• _WHAT IS EXPECTED_:
What is needed is an exact copy of every line from the one with "За активное участие" to the end of the entries below, without the pictures.

BEGIN INPUT RECORDS

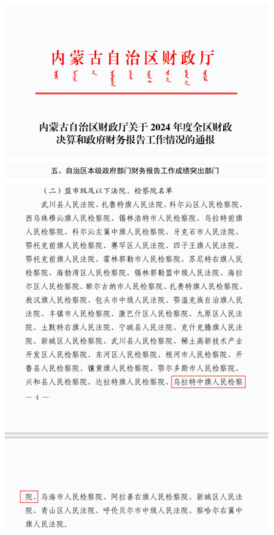 近日,内蒙古自治区财政厅印发《2024年度全区财政决算和政府财务报告工作情况通报》,对全区财政决算及政府财务报告工作先进单位予以表彰。其中,乌拉特中旗人民检察院凭借严谨规范的工作作风、精准高效的业务落实,获评“自治区本级政府部门财务报告工作成绩突出部门”,充分彰显了我院财务管理工作的扎实成效与过硬水平。
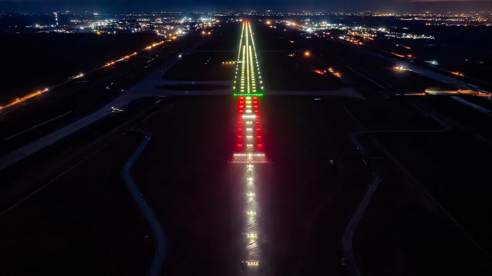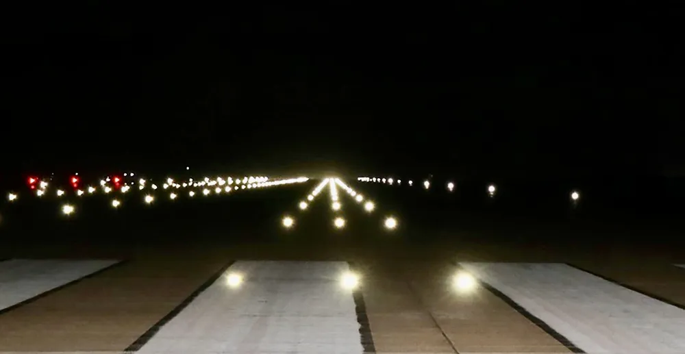 Hệ thống đèn tín hiệu trên đường băng số 1 của sân bay Long Thành được bật sáng.
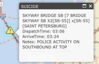 | 01.10.20, iontb/fb, Skyway Bridge: Expect delays southbound as multiple agencies on-scene after subject jumped from center span. Recovery ongoing. later: Confirmed death. | |||
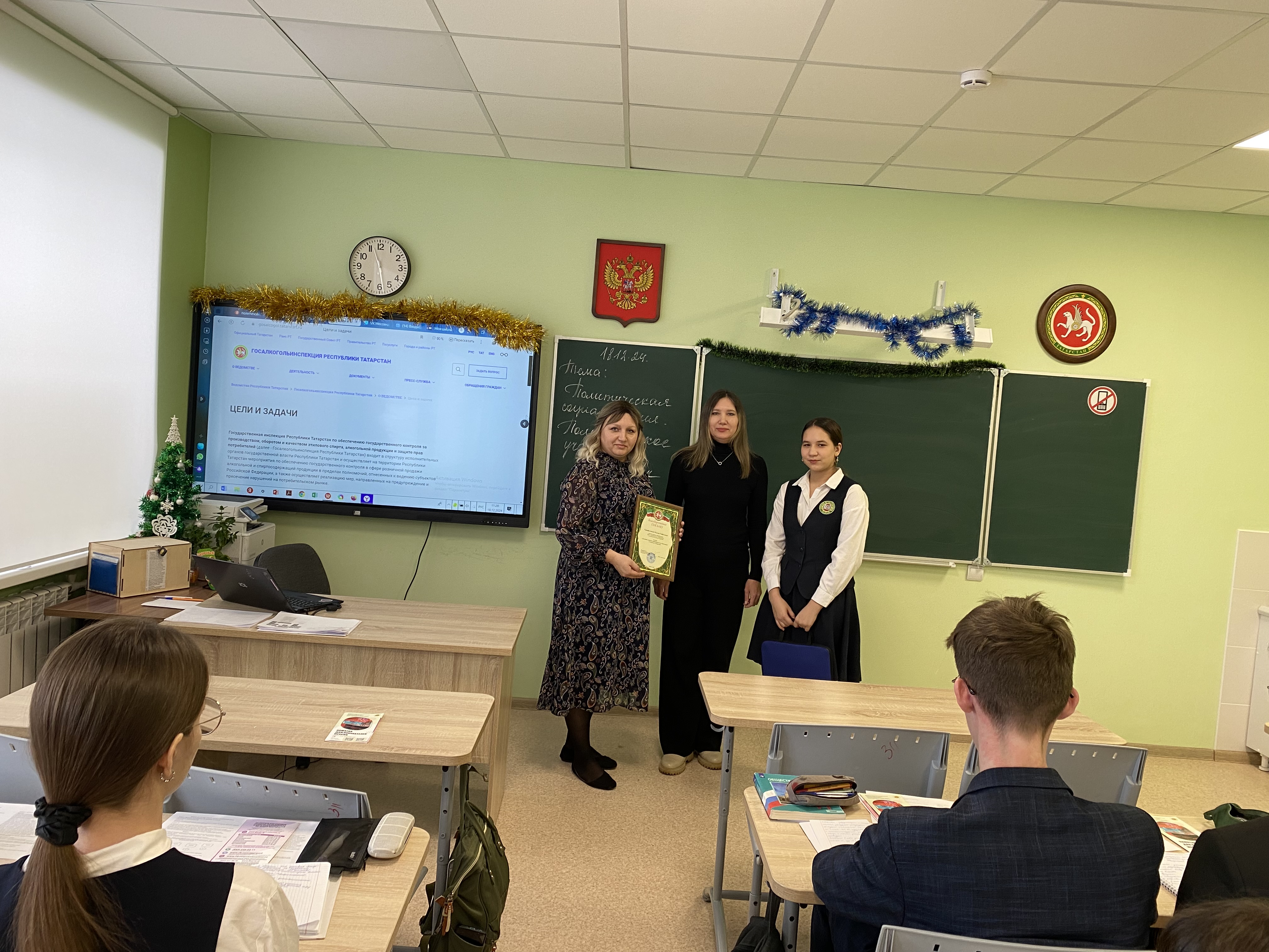 За активное участие в Олимпиаде по защите прав потребителей поздравили и вручили памятные подарки ученице МБОУ «СОШ №17» Хайбуллиной Эльзе Ильдусовне и ученице МБОУ «Гимназия №1 им. Р.Фахретдина Суфиевой Риане Рамильевне.
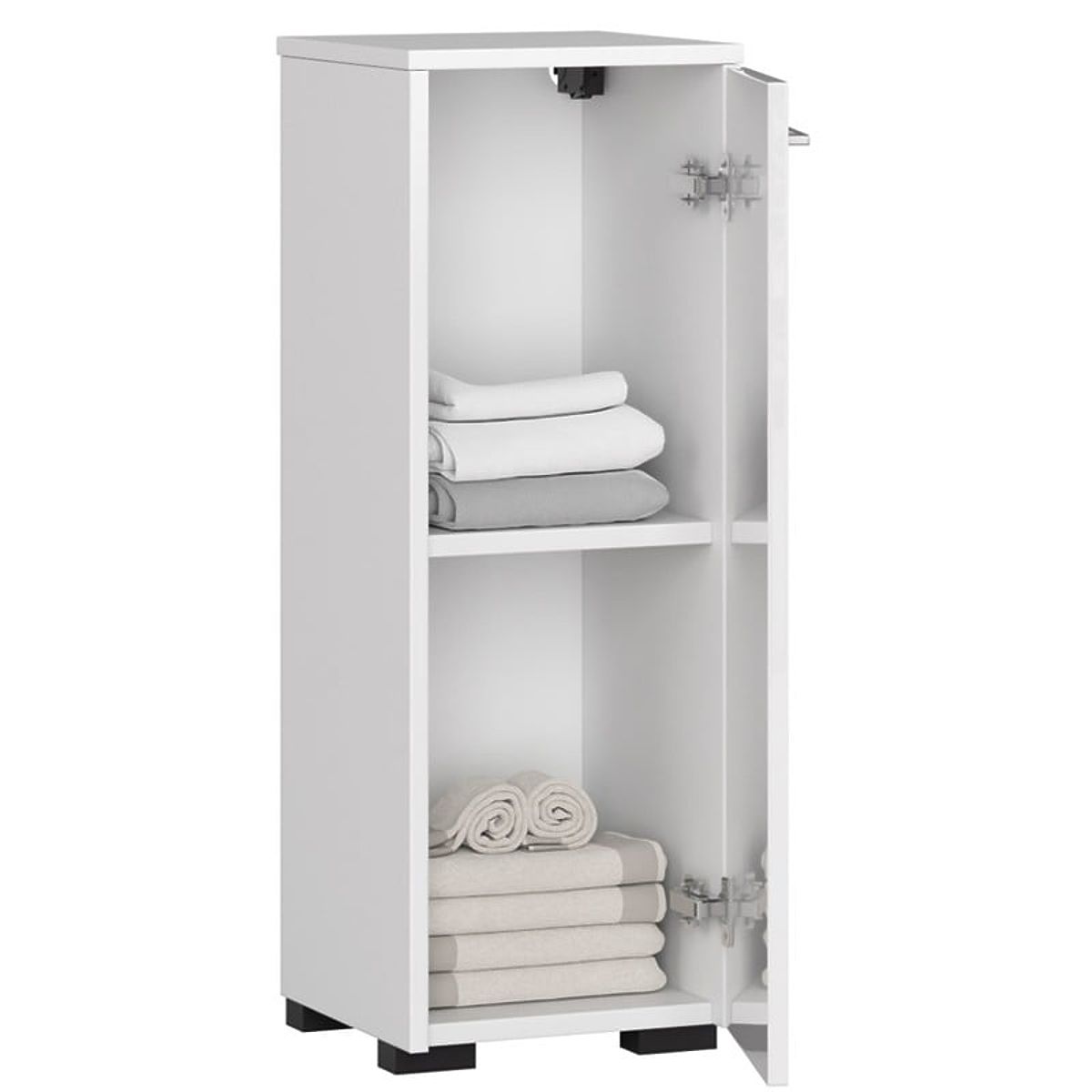 Koupelnová skříňka s výklopnými dvířky. Stojící verze komody s policí uvnitř dvířek. Barva bílá, čelní plochy bílý lesk.

END INPUT RECORDS

• _RESULT_:
 За активное участие в Олимпиаде по защите прав потребителей поздравили и вручили памятные подарки ученице МБОУ «СОШ №17» Хайбуллиной Эльзе Ильдусовне и ученице МБОУ «Гимназия №1 им. Р.Фахретдина Суфиевой Риане Рамильевне.
 Koupelnová skříňka s výklopnými dvířky. Stojící verze komody s policí uvnitř dvířek. Barva bílá, čelní plochy bílý lesk.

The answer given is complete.